Come off it, Lucille, the man with the shaggy dark hair and goatee said. According to the description Jake’s grandfather had given him, this had to be Randolph Applewhite, the father of the Applewhite children. That smelly demon is hostility personified. It would take more than a little chasing to get him down.

That isn’t hostility. Wolfbane is suffering from post-traumatic stress. Lucille turned back to the girl in the leotard. Whatever were you doing in the goat pen?
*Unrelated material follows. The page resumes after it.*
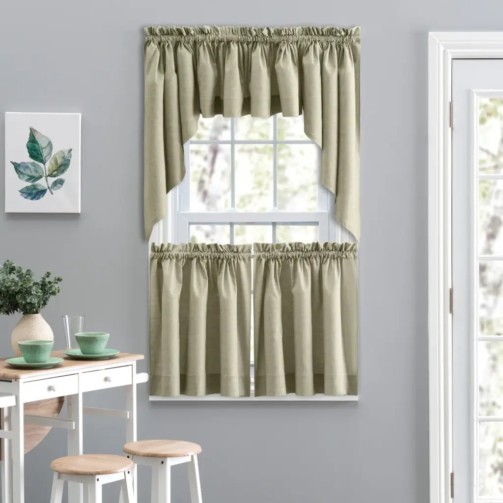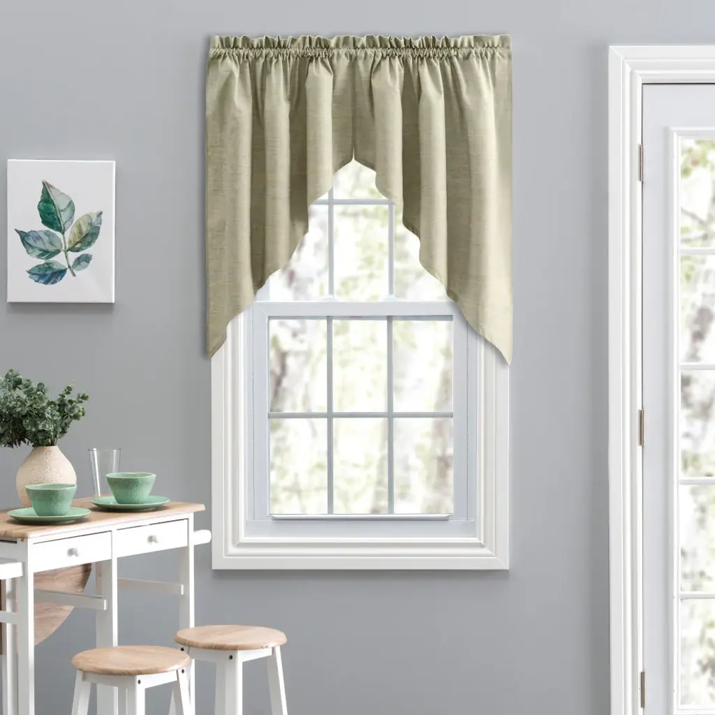 A stunning textured solid that is both relaxed and refined. Beautifully coordinates with any pattern. The tailored swag valance is made with 50-percent polyester/50-percent cotton duck fabric that creates a smooth draping effect, soft texture and easy maintenance. Each swag piece is constructed with a 1.5-inch header and 1.5-inch rod pocket. Sold in pairs (2 pieces) width measures 56-inches (both 28-inch panels together), while length measures 36-inches from top stitch down. For wider windows simply add the coordinating tailored valance to the look. Easy care machine washable.

Cordelia stamped her foot and yelped again. She had apparently forgotten she was standing in the gravel. Jake thought she had a particularly musical yelp. I was not in the goat pen! I was in the meadow. That beastly, smelly, disgusting creature was running loose. Again! He tried to murder me. It was lucky I had a piece of my costume with me to deflect him.

Lucille let out a squeal. Loose? He was loose? What about Hazel? Where’s Hazel?

Cordelia stormed up the porch steps, pushed her way through the crowd of people, and stepped over the dog, who had flopped down directly in front of the door. She’s halfway to Traybridge for all I know. Ask Destiny! The screen door banged shut behind her.

Destiny? The woman with reading glasses around her neck, who’d been jotting notes on a little notepad, looked up now, as if she was just tuning in. She was famous, Jake knew. He’d even seen her on television once. She wrote best-selling mysteries about a florist who was an amateur detective. She was also the children’s mother, but her name wasn’t Applewhite; it was Jameson. Sybil Jameson.